/ckanext-oaipmh

OAI-PMH harvester for CKAN

Primary LanguagePythonOtherNOASSERTION

CKAN Harvester for OAI-PMH

Build Status

Instructions

Installation

Use pip to install this plugin. This example installs it in /var/www

source /home/www-data/pyenv/bin/activate
pip install -e git+https://github.com/openresearchdata/ckanext-oaipmh.git#egg=ckanext-oaipmh --src /var/www
cd /var/www/ckanext-oaipmh
pip install -r requirements.txt
python setup.py develop

Make sure the ckanext-harvest extension is installed as well.

Important: You need to have a sysadmin user called "harvest" on your CKAN instance!

Setup the Harvester

  • add oaipmh_harvester to ckan.plugins in development.ini (or production.ini)
  • restart your webserver
  • with the web browser go to <your ckan url>/harvest/new
  • as URL fill in the base URL of an OAI-PMH conforming repository, e.g. http://boris.unibe.ch/cgi/oai2 for more see http://www.openarchives.org/Register/BrowseSites
  • select Source type OAI-PMH Harvester
  • if your OAI-PMH needs credentials, add the following to the "Configuration" section: {"username": "foo", "password": "bar" }
  • if you only want to harvest a specific set, add the following to the "Configuration" section: {"set": "baz"}
  • if you want to harvest data in a specific metadata format, add the following to the "Configuration" section: {"metadata_prefix": "oai_dc"} (currently oai_dc and oai_ddi are supported)
  • if your OAI-PMH source does not support HTTP POST and you want to enforce HTTP GET, add the following to the "Configuration" section: {"force_http_get": true} (defaults to false)
  • Save
  • on the harvest admin click Reharvest

Run the Harvester

On the command line do this:

  • activate the python environment
  • cd to the ckan directory, e.g. /usr/lib/ckan/default/src/ckan
  • start the consumers:
paster --plugin=ckanext-oaipmh harvester gather_consumer &
paster --plugin=ckanext-oaipmh harvester fetch_consumer &
  • run the job:

    paster --plugin=ckanext-oaipmh harvester run

The harvester should now start and import the OAI-PMH metadata.

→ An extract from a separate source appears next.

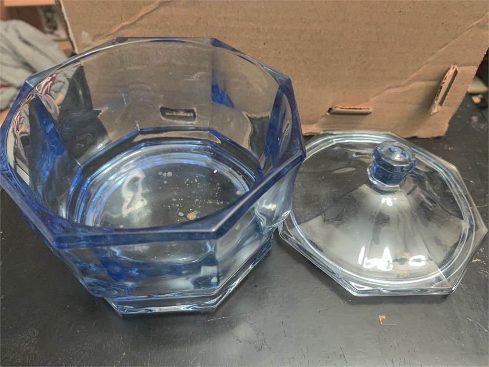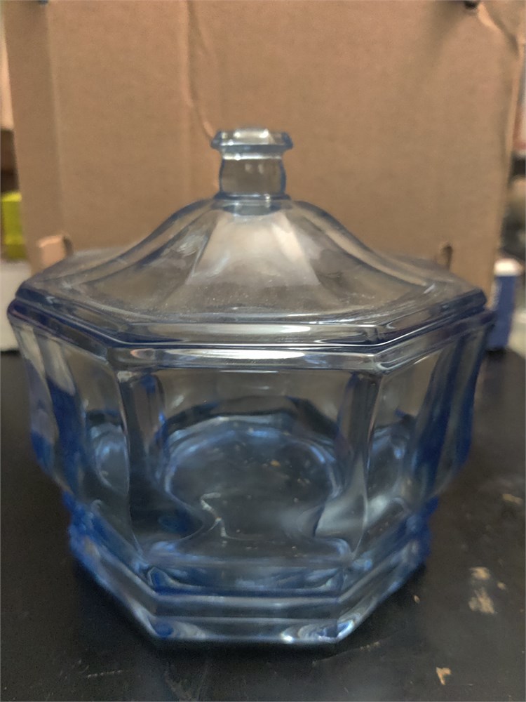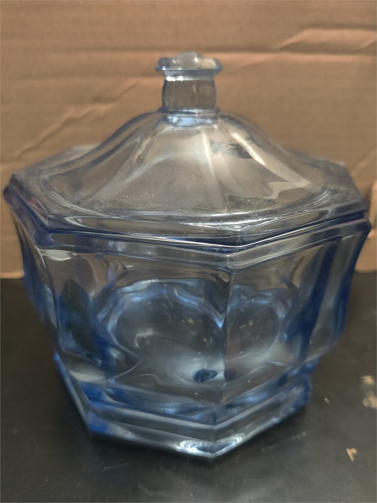 Indiana Glass Candy Dish With Lid- Concord Blue, Octagon Shaped.

Developing without running jobs manually

To make it easier to develop, tests are setup that allow to do that:

. ~/default/bin/activate
cd /var/www/ckanext-oaipmh

nosetests --logging-filter=ckanext.oaipmh.harvester --ckan --with-pylons=test.ini ckanext/oaipmh/tests

In this example the logging filter is used to only show messages of the harvester.